Abstract In this article, we introduce an extended, freely available resource for the Romanian language, named RoLEX. The dataset was developed mainly for speech processing applications, yet its applicability extends beyond this domain. RoLEX includes over 330,000 curated entries with information regarding lemma, morphosyntactic description, syllabification, lexical stress and phonemic transcription. The process of selecting the list of word entries and semi-automatically annotating the complete lexical information associated with each of the entries is thoroughly described. The dataset’s inherent knowledge is then evaluated in a task of concurrent prediction of syllabification, lexical stress marking and phonemic transcription. The evaluation looked into several dataset design factors, such as the minimum viable number of entries for correct prediction, the optimisation of the minimum number of required entries through expert selection and the augmentation of the input with morphosyntactic information, as well as the influence of each task in the overall accuracy. The best results were obtained when the orthographic form of the entries was augmented with the complete morphosyntactic tags. A word error rate of 3.08% and a character error rate of 1.08% were obtained this way. We show that using a carefully selected subset of entries for training can result in a similar performance to the performance obtained by a larger set of randomly selected entries (twice as many). In terms of prediction complexity, the lexical stress marking posed most problems and accounts for around 60% of the errors in the predicted sequence.
查看原文
分享 分享
微信好友 朋友圈 QQ好友 复制链接
本刊更多论文
RoLEX:一个扩展的罗马尼亚词汇数据集的发展及其评估在预测并发词汇信息
摘要在本文中,我们介绍了一个扩展的、免费提供的罗马尼亚语资源,名为RoLEX。该数据集主要是为语音处理应用程序开发的,但其适用性超出了该领域。RoLEX包括超过330000个精选条目,其中包含关于引理、形态句法描述、音节划分、词汇重音和音位转录的信息。全面描述了选择单词条目列表和半自动注释与每个条目相关联的完整词汇信息的过程。然后在同时预测音节划分、词汇重音标记和音位转录的任务中评估数据集的固有知识。该评估考察了几个数据集设计因素,如正确预测的最小可行条目数、通过专家选择优化所需最小条目数、用形态句法信息增加输入,以及每个任务对总体准确性的影响。当条目的拼写形式增加了完整的形态句法标签时,获得了最好的结果。以这种方式获得了3.08%的单词错误率和1.08%的字符错误率。我们表明,使用精心选择的条目子集进行训练可以获得与更大的随机选择条目集(两倍多)所获得的性能相似的性能。就预测复杂性而言,词汇重音标记带来了大多数问题,约占预测序列错误的60%。

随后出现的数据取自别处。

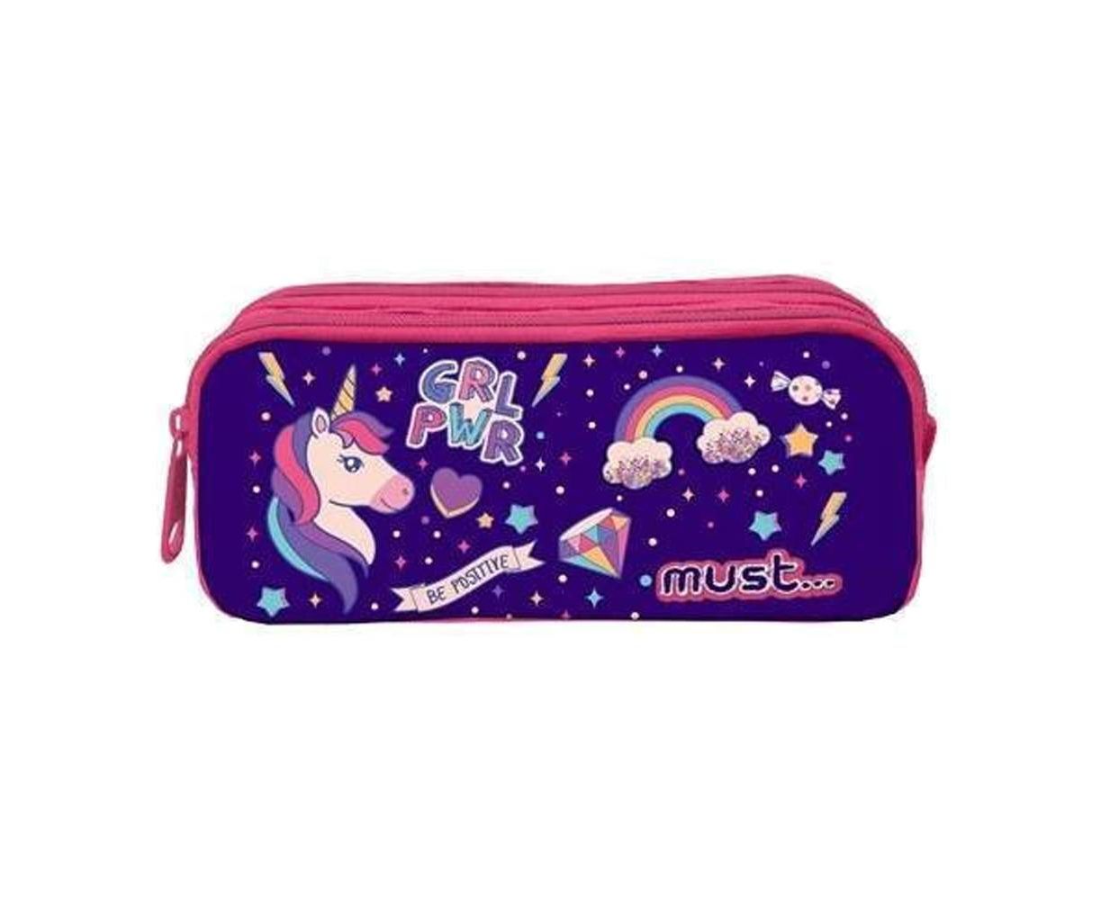Η κασετίνα MUST Be Positive διαθέτει δύο θέσεις, οι οποίες κλείνουν με ανθεκτικά φερμουάρ και προσφέρουν την κατάλληλη οργάνωση, ασφαλή αποθήκευση και εύκολη μεταφορά για όλη την απαραίτητη γραφική ύλη.
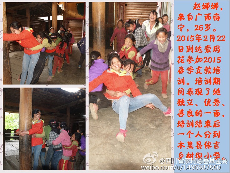 赵娜娜,来自广西南宁。2015年2月22日到达索玛花参加2015春季支教培训。培训期间表现了她独立、优秀、善良的一面,培训结束后一个人分到木里县依吉乡树坝小学。两周以后从树坝小学转到依吉乡另一个学校——麦洛小学。支教总是让人变得更加成熟懂事,娜娜加油!

本文章由计算机程序翻译,如有差异,请以英文原文为准。
求助全文
约1分钟内获得全文 去求助
来源期刊
Natural Language Engineering
Natural Language Engineering COMPUTER SCIENCE, ARTIFICIAL INTELLIGENCE-
CiteScore
5.90
自引率
12.00%
发文量
60
审稿时长
>12 weeks
期刊介绍: Natural Language Engineering meets the needs of professionals and researchers working in all areas of computerised language processing, whether from the perspective of theoretical or descriptive linguistics, lexicology, computer science or engineering. Its aim is to bridge the gap between traditional computational linguistics research and the implementation of practical applications with potential real-world use. As well as publishing research articles on a broad range of topics - from text analysis, machine translation, information retrieval and speech analysis and generation to integrated systems and multi modal interfaces - it also publishes special issues on specific areas and technologies within these topics, an industry watch column and book reviews.
期刊最新文献
Start-up activity in the LLM ecosystem Anisotropic span embeddings and the negative impact of higher-order inference for coreference resolution: An empirical analysis Automated annotation of parallel bible corpora with cross-lingual semantic concordance How do control tokens affect natural language generation tasks like text simplification Emerging trends: When can users trust GPT, and when should they intervene?
×
引用
GB/T 7714-2015
复制
MLA
复制
APA
复制
导出至
BibTeX EndNote RefMan NoteFirst NoteExpress
×
×
提示
您的信息不完整,为了账户安全,请先补充。
现在去补充
×
提示
您因"违规操作"
具体请查看互助需知
我知道了
×
提示
现在去查看 取消
×
提示
确定
0
微信
客服QQ
Book学术公众号 扫码关注我们
反馈
×
意见反馈
请填写您的意见或建议
请填写您的手机或邮箱
已复制链接
已复制链接
快去分享给好友吧!
我知道了
×
扫码分享
扫码分享
Book学术官方微信
Book学术文献互助
Book学术文献互助群
群 号:481959085
Book学术
文献互助 智能选刊 最新文献 互助须知 联系我们:info@booksci.cn
Book学术提供免费学术资源搜索服务,方便国内外学者检索中英文文献。致力于提供最便捷和优质的服务体验。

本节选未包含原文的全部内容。